If you’re looking to set aside a criminal conviction, also called an “expungement,” the State Court Administrator’s Office (SCAO) has a great packet which includes eligibility questions, instructions and forms to help you do this.  The forms you will need are MC 227 (Application to Set Aside Conviction) and MC 228 (Order on Application to Set Aside Conviction).  I can’t explain everything in my article, so obtaining this packet will give you extensive details and instructions as to what to do, and the great internet will provide you with the packet at the click of a button!

In order to be eligible to set your conviction aside, you must only have ONE conviction in your past, not including two minor offenses, as set forth in MCL 780.621(10)(b).  If you have a conviction from a federal court or another state, you’re not going to be able to apply.  The type of crime committed also makes a difference – for example, you cannot have been convicted of CSC (Criminal Sexual Conduct) in the first, second, or third degree, nor can you apply if you were convicted of an assault with intent to commit a CSC crime.  Being convicted of a felony or an attempt to commit a felony, where the potential max sentence is life behind bars, will bar you from an expungement as well.  Wanting to erase a driving or traffic offense is also a no go, and it must be at least five years from the date of your conviction and if you were thrown behind bars, at least five years after you were released from the clink.

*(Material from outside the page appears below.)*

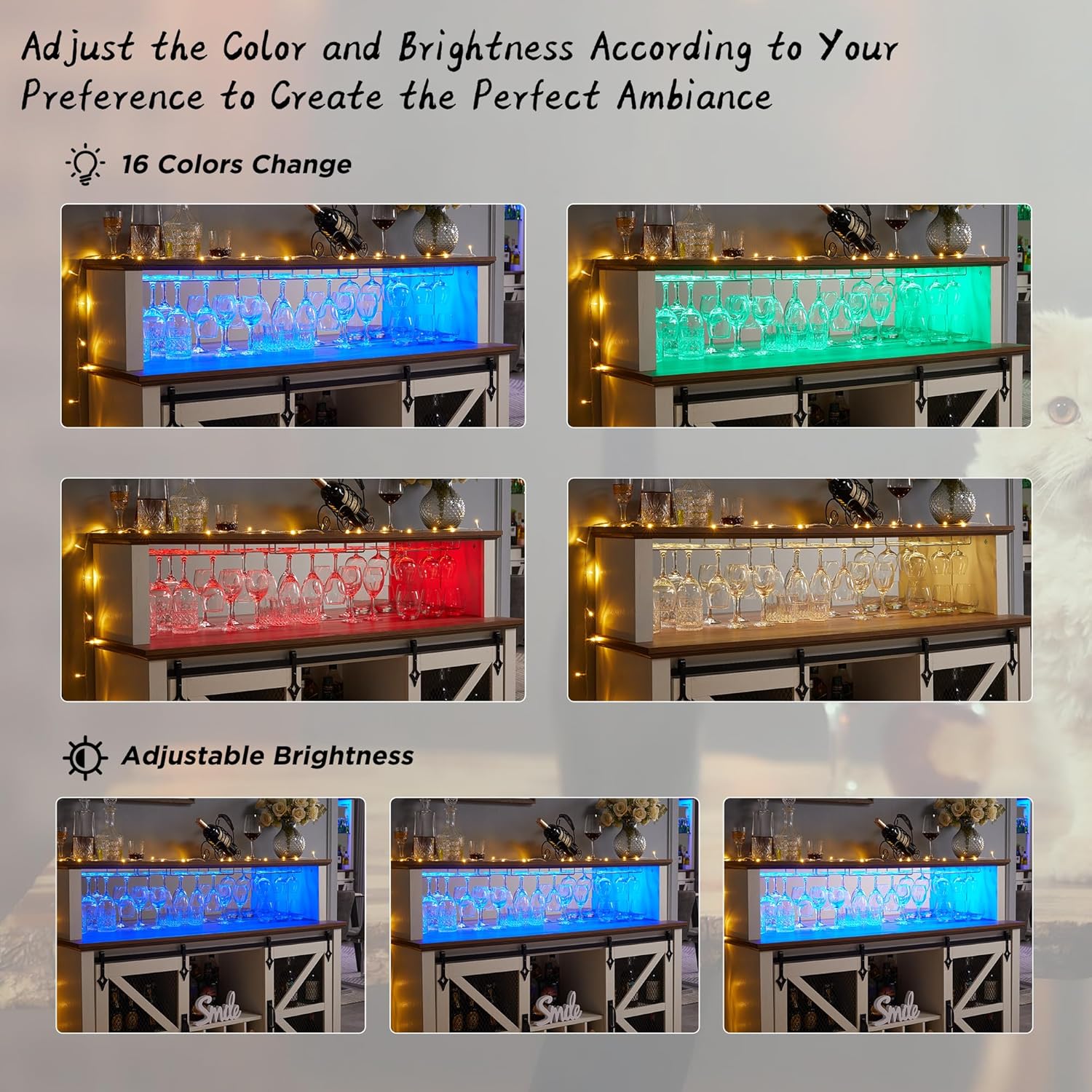 - Bar Cabinet With LED Lights: As home bar cabinet, is equipped with an RGB LED light strip with 16 colors, 4 flashing modes, and brightness adjustment function to make the wine cabinet look so fancy and create a relaxing and cheerful ambiance in the room which is perfect for wine tasting, parties, and showcasing wine collection. With a soft glow that illuminates the stemware and wine bottles below, you can effortlessly locate and retrieve the desired bottle without fumbling in the dark

If you don't fall into one of the categories above that exclude you from applying to set your conviction aside, you can likely get 'er done.  Now you have a little to do list in order to set this in motion.  You first need to obtain a certified copy of your conviction, which is relatively easy as you simply need to go to the clerk’s office and obtain a certified copy of the Judgment of Sentence, Order of Probation or Register of Actions in your case.  You will be charged a fee for this document, so bring some loot with you to pay up. 

Your next step is heading to a local police department for some fun finger painting – I mean finger printing.  The department will likely charge you a fee for this, but it’s usually not too bad.  Not surprisingly, the State Police will be checking on you and using these prints to determine if you have other convictions.  You’d be amazed at how many people claim to have forgotten about prior convictions or say they didn’t know they had them.

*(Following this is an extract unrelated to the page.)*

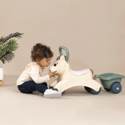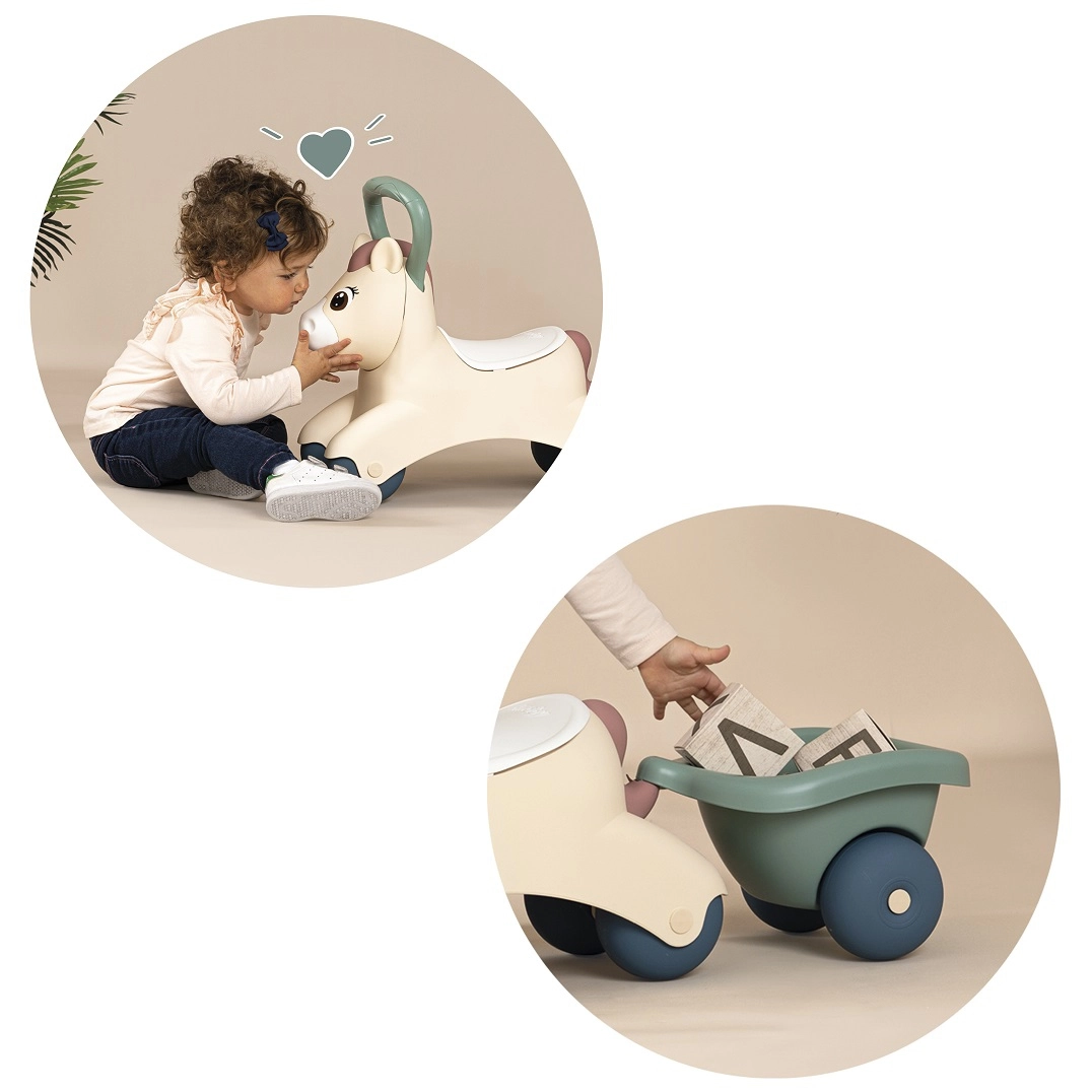 Smoby Little Pony stumjamais braucamrīks ar piekabi ir ideāls mazajiem bērniem, kuri tikai sāk mācīties staigāt un attīstīt līdzsvaru. Pateicoties ērtajam sēdeklim un noņemamai piekabei, bērni var pārvadāt savas mīļākās rotaļlietas un sīklietas.

Once you have your certified copy and fingerprints, you need to sit down and fill out form MC 227 carefully and make the appropriate number of copies (all explained in the handy packet).  You must sign this form in front of a notary public or court clerk, file your application, paying another fee ($50 this time) and mail it out to the appropriate parties (prosecutor, Attorney General and State Police).  You’ve got to file a Proof of Service with the court to prove that you served the docs on the above parties.

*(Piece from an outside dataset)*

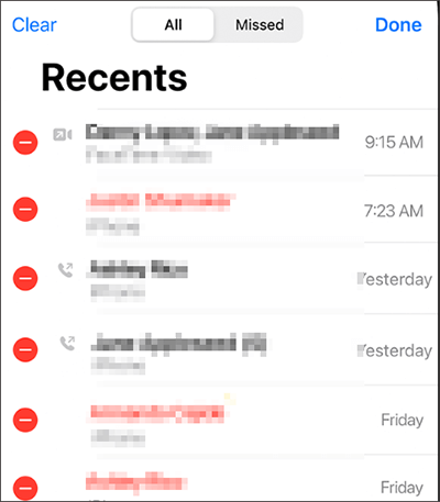 步骤5. 您将在每个通话记录条目旁边看到红色的减号 (-)。点击要删除的通话旁边的减号 (-)。

It’s wise to wait to set your hearing until you have received your Michigan State Police background check report – usually it’s safe to say 6-8 weeks from when you file your application as the police can take time to process your request.

Be aware that both the prosecutor and Attorney General may attend and object to your application, and the victims of certain crimes can also appear as the prosecutor has to notify them of your application.  The court will make the ultimate decision as to whether or not your application should be granted, which is why you need to bring form MC 228, the Order on Application to Set Aside Conviction, with you to the hearing.  If the State Police report came back indicating no other crimes and the prosecutor and Attorney General have not objected to your application, there’s a good chance you’re going to get your wish.  If there are objections, you may still have your conviction set aside provided you have good evidence of how you have changed and a good argument as to why this should occur.

The court clerk should send the copy of the order to the appropriate parties, but I’d suggest making sure this happens, and if your application was granted, check your record to verify that your conviction no longer appears.  Again, do realize that the State Police will still keep a nonpublic record of your conviction, but to the public, it will look as though it never happened.